Rayner’s practice model assesses each patient’s dry eye disease – and financial position to afford treatment – on a case-by-case basis.
“We clinically assess patients as part of an initial consultation under Medicare guidelines if they are eligible. We don’t bulk bill. In my experience, patients are so desperate to resolve their dry eye that they will pay out-of-pocket, but they often say, ‘I wish my health fund would cover this’. I initially spoke to one major health fund about covering dry eye, but it was not considered big enough to cover,” Rayner says.
“Some people can’t afford the gap. We take an individual approach to cost and payment. It would be fabulous to see a Medicare rebate for basic imaging like meibography (infrared imaging of meibomian glands). Medicare should be covering meibography, much like Medicare covers a bone x-ray. But it’s not covered.”
Emphasis on education
Optometry Australia (OA)’s chief clinical officer Mr Luke Arundel says the organisation recognises that the incidence of dry eye is high with most people experiencing this condition at some time.
“The rise in dry eye is creating a need within the population for more specialised treatment, hence we are seeing the establishment of dry eye clinics throughout Australia to assist patients manage this condition. We are highly supportive of the establishment of practices dedicated to specific eye conditions and diseases,” he says.

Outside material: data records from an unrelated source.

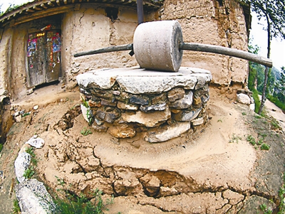 碾子周围的地面也在塌陷,碾磨了几十年的记忆即将消失。
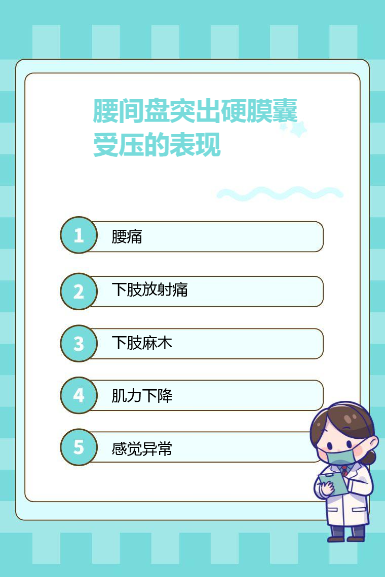 腰间盘突出硬膜囊受压的表现主要有腰痛、下肢放射痛、下肢麻木、肌力下降、感觉异常等。
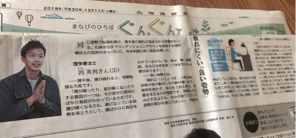 姿勢の専門家として、勉強中の姿勢について助言。結構大きく載り、道内の親戚中から連絡が・・
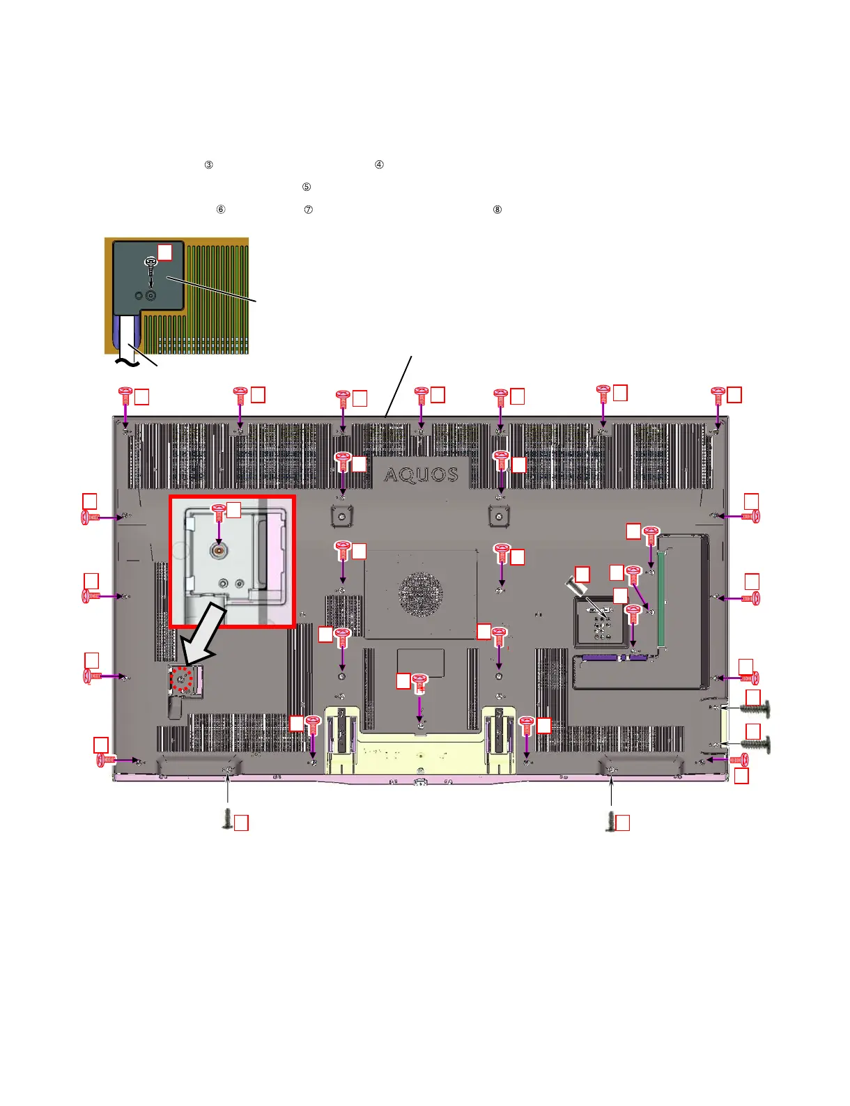 1. Remove the 1 lock screw and detach the Stand Safety Cover Ass'y. (LC-70LE857U)
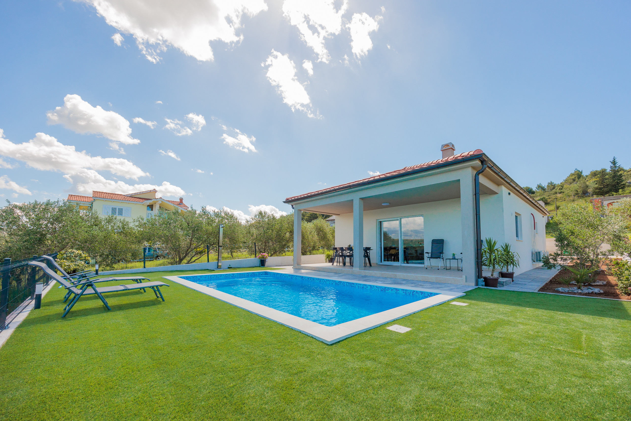 This charming holiday house is situated in a calm area with few neighbors, but is well connected and only 1 km from the sea. The house is 100m2 in size, placed on a 500 m2 plot with your own private parking places, garden and pool.

Given the prevalence of dry eye, OA is continuing to provide education and professional development resources for its members.
In July, the US inventor of the IPL procedure, Dr Rolando Toyos, facilitated a dry eye webcast, outlining the basic concept and mechanism of IPL therapy and how it can be incorporated into dry eye treatment, and reviewing existing and new therapeutic dry eye management options available to practitioners.
Simultaneously, Arundel says OA is continually lobbying for the expansion of the MBS schedule. The organisation has a member-based Medicare Services Advisory Group to assist in this area and its policy team is in regular communication with the numerous divisions within Medicare.
But as Arundel points out, lobbying for items to be added to the MBS can be an expensive enterprise.
“Addition of procedural items to the MBS involves a large amount of effort and resources, with the first of these (item 10944: foreign body removal) successfully added to the list after eight years of lobbying from Optometry Australia.”
Arundel confirmed the organisation is not actively advocating for a procedural item for dry eye to be added to the MBS.
“Currently no modifications or additions to our MBS list are being considered until the results of the MBS review for our tranche are handed down. After numerous delays (exacerbated by COVID-19) this is now anticipated to be as late as 2022.”